> **PROVIDED DATA**
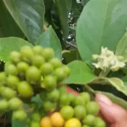 浆果单生,球状,珊瑚红色或桔黄色,直径1-2厘米;种子扁平,直径约3毫米。花期4-7月,果熟期8-12月。
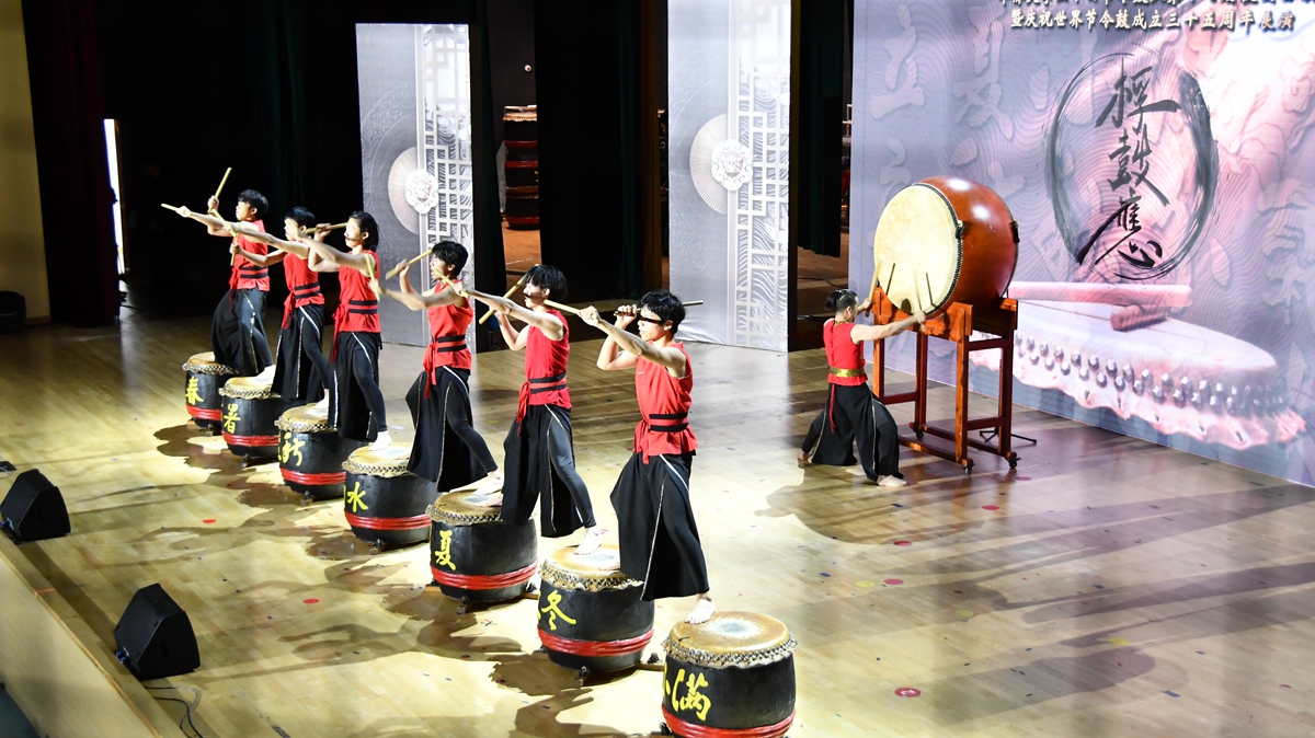 2023年是世界节令鼓成立35周年,本次公演也以“桴鼓应”为主题,用“桴鼓相应”寓意队伍团结向上,交融向好。在热情洋溢的氛围中,华侨大学泉厦两校区二十四节令鼓队、马来西亚学生节令鼓队以及校友鼓队等,携手同台演出,共同庆祝节令鼓的35周岁生日。
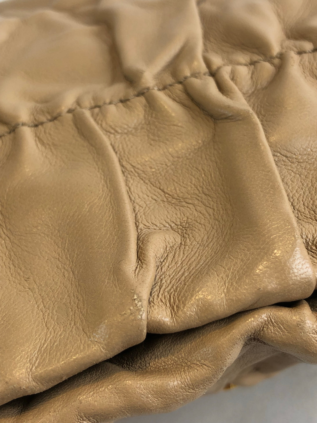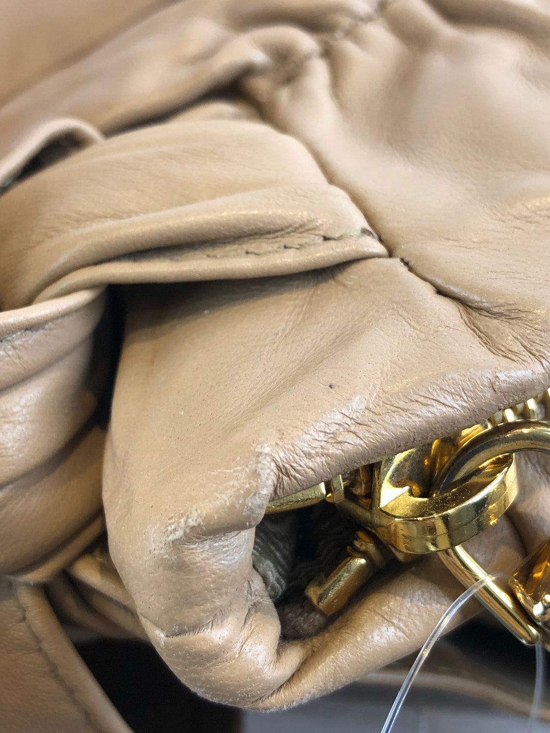 Good: Items show more prominent wear such as noticeable discoloration, stains and snags to fabric. May have worn corners and handles, tarnishing to hardware and creasing to leather. Pen or make up marks may be visible in the interior of the bag.
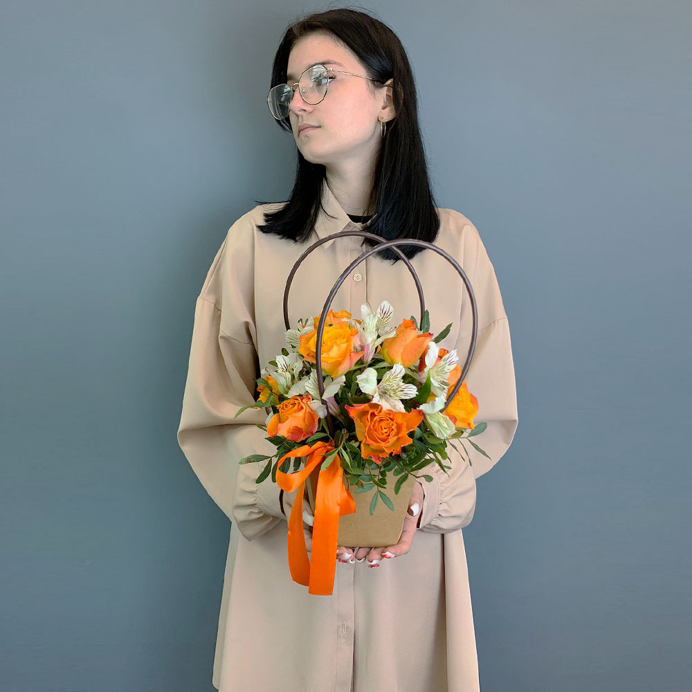 Сумочка с оранжевыми розами Кения и альстромерией арт. 66996-Р

> **WORK TO COMPLETE**
Would you output the data above exactly as written, but with no images?

> **REPLY TO THE TASK**
 浆果单生,球状,珊瑚红色或桔黄色,直径1-2厘米;种子扁平,直径约3毫米。花期4-7月,果熟期8-12月。
 2023年是世界节令鼓成立35周年,本次公演也以“桴鼓应”为主题,用“桴鼓相应”寓意队伍团结向上,交融向好。在热情洋溢的氛围中,华侨大学泉厦两校区二十四节令鼓队、马来西亚学生节令鼓队以及校友鼓队等,携手同台演出,共同庆祝节令鼓的35周岁生日。
 Good: Items show more prominent wear such as noticeable discoloration, stains and snags to fabric. May have worn corners and handles, tarnishing to hardware and creasing to leather. Pen or make up marks may be visible in the interior of the bag.
 Сумочка с оранжевыми розами Кения и альстромерией арт. 66996-Р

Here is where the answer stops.